Exercise requirements
None of the pictures should appear; the lines from the line containing "RARE NWT Michael" through the last line of the listing must be repeated exactly.

Information provided
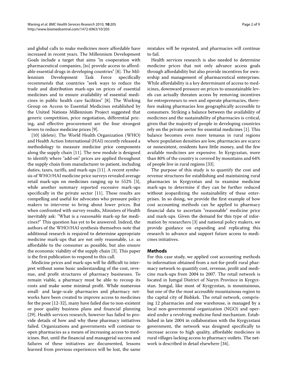方法:我们通过利用从吉尔吉斯斯坦山区农村非营利性药房网络获得的存货和财务信息中的成本核算方法,量化药店建立和维护期间(2004年10月至2007年12月)的成本、收入、利润和药品加价。
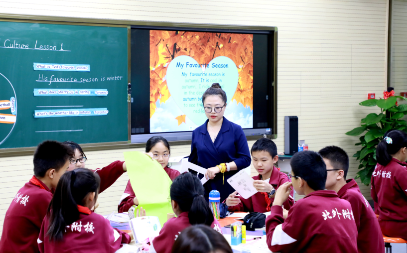 英语老师岳阳展示的是《狼来了》这个经典故事的英文版,整堂课围绕主人公小男孩的情绪变化和故事发生的时间这两条主线开展英语教学。岳老师注重学生的深度思维能力的培养,通过层层设问引发学生对文本的预测、猜想以及评价。课上学生积极使用英语交流表达,展现了一种和谐自然的英语交流氛围。周苗老师执教的是六年级的Nature and Culture,在让学生理解语篇的基础上周老师注重引导学生模仿并大声朗读,让学生通过流畅的朗读巩固认读,积累词汇,培养语感。在学生“写”的环节中,周老师先让学生以板书做参照,降低了写的难度,同时也让学生有的可写,达到“乐写”、“善写”的目标。
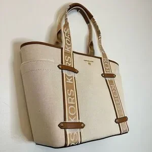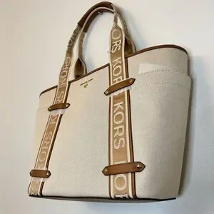 RARE NWT Michael Kors Maeve Large Open Tote Canvas Double Handles Handbag Cream
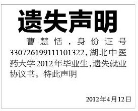 曹慧恬,身份证号330726199111101322,湖北中医药大学2012年毕业生,遗失就业协议书。特此声明

Answer space
 RARE NWT Michael Kors Maeve Large Open Tote Canvas Double Handles Handbag Cream
 曹慧恬,身份证号330726199111101322,湖北中医药大学2012年毕业生,遗失就业协议书。特此声明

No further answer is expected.